Another important reason for doing the review is because of the many poor pickings for horror flicks in 2021 and 2022 – like HALLOWEEN ENDS, which I thought was way over the top in nonsense. I blame the damn pandemic and Trump for having, somehow, sucked the life out of the creative processes that can result in good horror films. Maybe that’s because the pandemic and Trump are real horrors like crimes against humanity and genocide and holocausts.
Director: Christian Schultz
Writers: Peter Ambrosio, Christian Schultz
Primary Cast: Jenna Lyng Adams (as Jennifer); Alexandria DeBerry (as Samantha); Teri Wyble (as Vivian). David Davis (as David, the billionaire). There are lots more. Cast: Everyone is a veteran.
Producer: Isaiah LaBorde
Composer: Andrew Morgan Smith
Cinematographer: John Paul Summers
Editor: Christian Schultz
Production Designer: Matthew Whittle
Good horror films can make us twist and turn in our seats and cringe, wince, slink down in the same seats where we are twisting and turning and hiding, hoping for any kind of relief possible from what on the screen is scaring the bejesus out of us. Gasping, groaning, wincing, moaning, also may be experienced.

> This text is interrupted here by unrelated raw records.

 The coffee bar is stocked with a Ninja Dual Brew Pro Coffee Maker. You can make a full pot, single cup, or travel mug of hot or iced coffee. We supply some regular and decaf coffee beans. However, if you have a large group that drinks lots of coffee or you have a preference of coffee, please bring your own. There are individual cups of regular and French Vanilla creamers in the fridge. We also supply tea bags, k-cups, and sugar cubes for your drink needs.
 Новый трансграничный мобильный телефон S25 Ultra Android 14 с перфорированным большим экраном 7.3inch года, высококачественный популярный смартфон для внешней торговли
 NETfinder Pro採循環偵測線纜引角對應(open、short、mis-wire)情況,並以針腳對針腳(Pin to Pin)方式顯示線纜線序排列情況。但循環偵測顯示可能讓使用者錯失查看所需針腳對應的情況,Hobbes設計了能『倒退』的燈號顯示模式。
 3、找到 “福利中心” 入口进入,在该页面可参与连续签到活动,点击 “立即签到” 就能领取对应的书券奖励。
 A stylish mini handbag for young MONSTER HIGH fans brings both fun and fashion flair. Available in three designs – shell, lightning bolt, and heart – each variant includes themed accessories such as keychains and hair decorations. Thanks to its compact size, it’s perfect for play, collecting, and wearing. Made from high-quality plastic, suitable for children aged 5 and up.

So, I couldn’t believe my eyes and senses the first time I watched the unrated 82-minute flick. Regarding “bristling psychological terror” – not one moment did I bristle or prickle – that is, during the first 60 minutes. Just when I was about to give up, like a thunderclap from out of nowhere, horror and terror showed up in force.
Because of the first hour, I could have easily rated PRESENCE as 1-star-dreary. But the jolt of the last 22 minutes of frenetic slashing and slicing and plot twists and turns and bewildering scenes of rage made me realize I should have paid more attention to the first 60 minutes. Mea Culpa. Mea Culpa. Mea Maxima Culpa.

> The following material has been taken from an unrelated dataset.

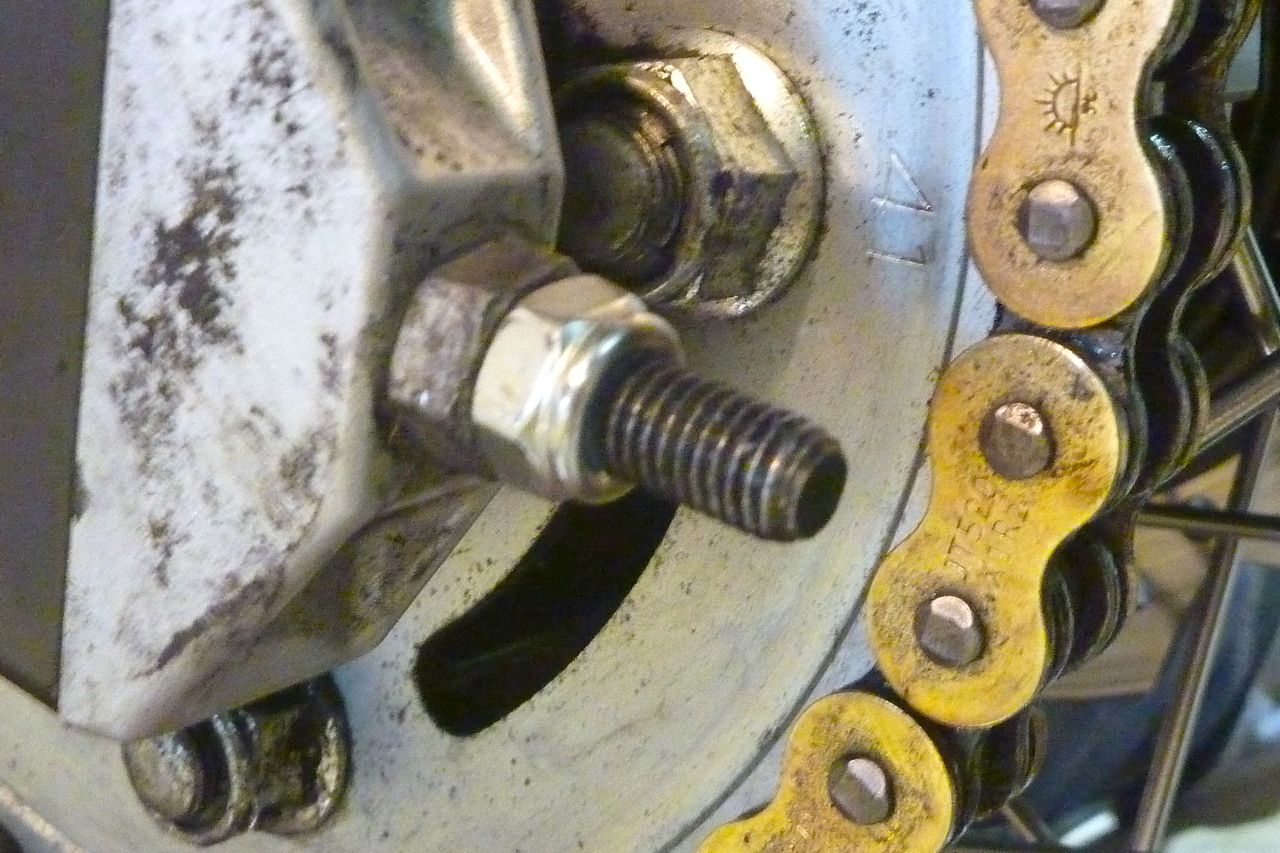 One problem with them is the thick layer of polymer in the well of the rear rim making tyre mounting difficult. That’s what they found earlier fitting a Golden Tyre GT 201 (left; 150 / 70 R 17 TL 69V) I bought from Adv Spec. You need the depth in the rim’s well to give enough slack in the bead when doing that last bit of levering. Of course, some tyres are harder to mount than others and the GT201 (a K60/MT60 look-alike) is stiffer than the TKC which RRP typically use. While in the area they adjusted my recently bedded-in x-ring chain and John recommended fitting a nyloc nut on the chain adjuster bolt (right); apparently the OE nuts fall off.

The remaining 22 minutes I won’t rate but they shook me out of the soporific state I had slipped into. The promise of “tense voyage bristling with terror killer” did finally debut, though opaquely in a blotchy, splotchy razzle-dazzle style that wasn’t particularly bad nor particularly good but effective nonetheless. There are scenes of kinetically charged frenzy.

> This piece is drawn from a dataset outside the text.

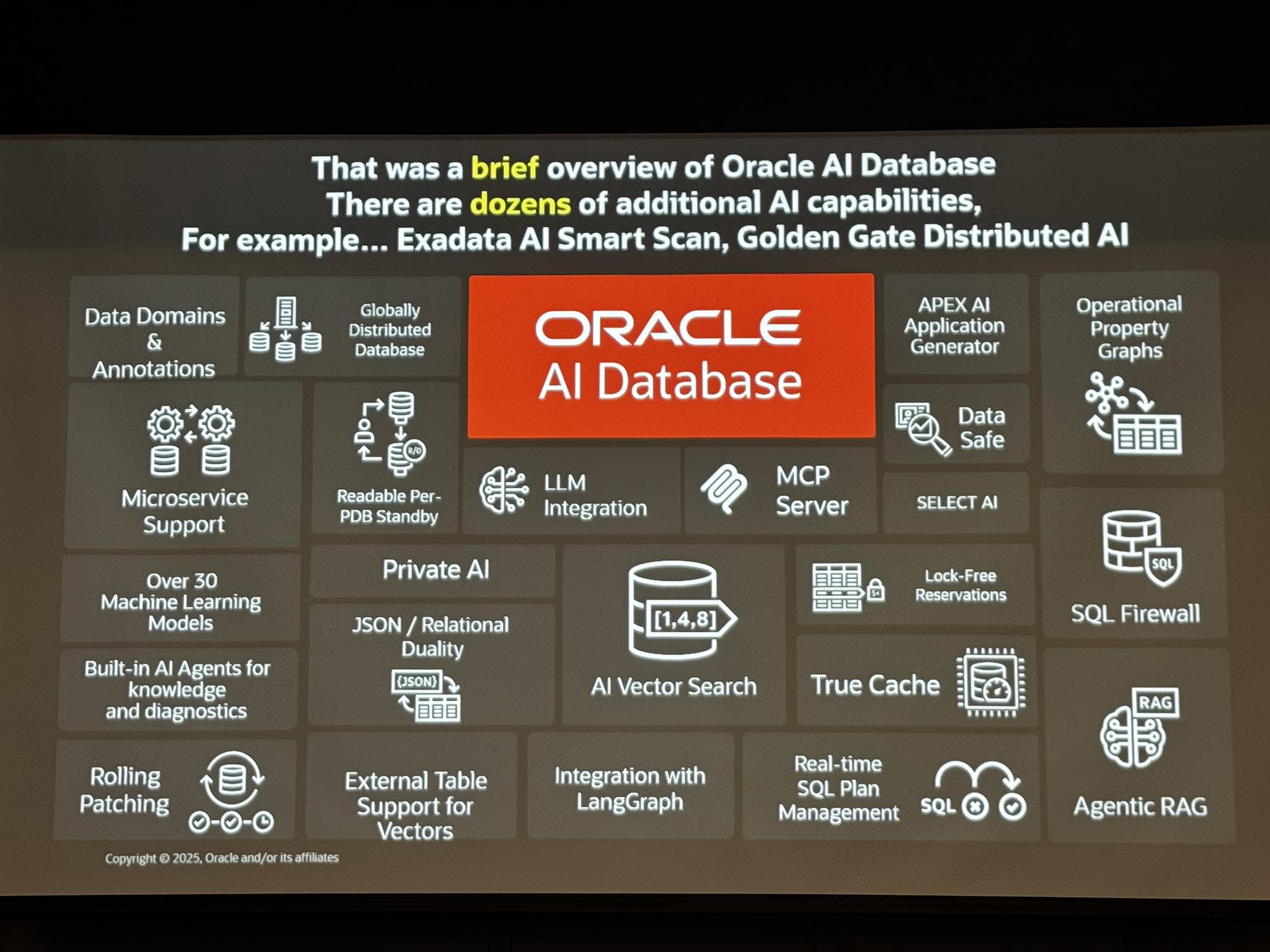 26ai의 주요 기능으로는 △데이터베이스 내 ONNX 벡터 생성 △HNSW 및 IVF 플랫 벡터 인덱스 △JSON/OSON 벡터 지원 △Exadata AI 스마트 스캔 △하이브리드 벡터 인덱스 △LangChain, LlamaIndex, LangGraph 통합 △Private AI Agent Factory 등이 있다.

Here’s the kicker: The last 22 minutes addresses all the plot ploys, tricks, hints and what looked like subtleties that were hinted at in the first 60.
If you don’t pay attention during the first 60 minutes – I didn’t – you will have to watch PRESENCE again (which I had to do more than once). Unreal! WORD readers should consider this review a none-spoiling alert written in stone.
“Movies are so rarely great art that if we cannot appreciate great trash, we shouldn’t go at all”. – Pauline Kale, (back in the day when movies weren’t streamed – and audiences trekked to theaters).
There’ve been times when some of my fans notified me of their need to see really bad movies. – Paraphrasing Film Reviewer Roger Elbert, author of Your Movie Sucks.
I think the first 60 minutes could have been trimmed to 45 or, with some filmmaking derring-do, 30 and that the filmmakers overdid it with the wishy-washy tease that Jenn has a demonic presence attached to her or that she might just be crazed. Conflicting scenes of “the presence” as a feminized shadowy figure and others as a shadowy male-like presence could have been better rendered plot wise. Not that there were that many scenes of a “presence.” There wasn’t much suspense for a film being promised as bristling with terror.
But I also think I might be wrong, that what the filmmakers did actually worked for what they wanted to do, which was to set up the audience for a climatic ending. The presence late in the film of Vivan (played by Teri Wyble) showing up out of the blue for the film’s denouement: Some will consider that whacked and others will do what I did: Watch the film again. And maybe again.